The gods envy us because we are mortal and any moment may be our last; everything is more beautiful because we are doomed…

…You will never be lovelier than you are now. We will never be here again.

— Homer, Odyssey

Aeneid has what we might describe as an imperial theme: the difficulty of founding an empire, the cost of empire, the horrors of violence and death, the paradoxical means by which these can arrive at a kind of peace: it is, in other words, a poem in an uneasy relationship to Augustan world (relating to or denoting Latin literature of the reign of Roman Emperor Augustus, including the works of Horace and Ovid alongside that of Vigil) for which it provides an aetiology (the investigation or attribution of the cause or reason for something, often expressed in terms of historical or mythical explanation).
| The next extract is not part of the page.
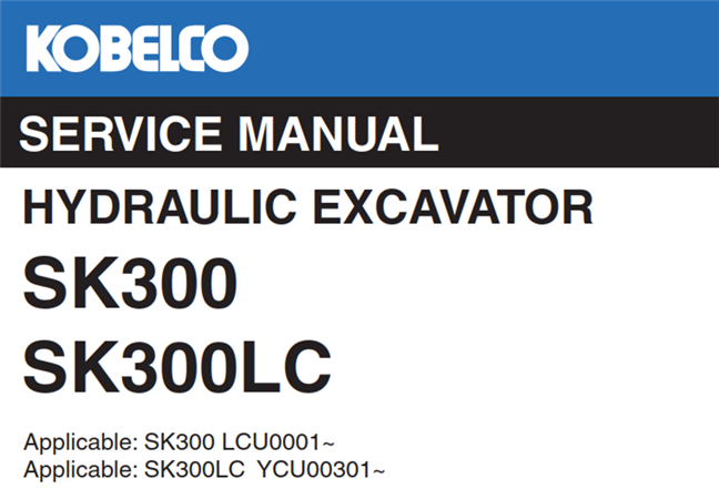 Original Factory Service Repair Manual for the Kobelco SK300, SK300LC Hydraulic Excavator.

It makes us ask over and over: what exactly is civilization and, is civilization worth its weight in blood?

But the queen —

too long she has suffered the pain of love, hour by hour nursing the wound with her lifeblood, consumed by the fire buried in her heart; his looks, his words, they pierce her heart and cling

— no peace, no rest for her body, love will give her none.

— Virgil, Aeneid

So, we have three key works:
1. — Iliad
2. — Odyssey
3. — Aeneid
All of which have been hugely influential on the literature and art that has been produced over the subsequent two millennia.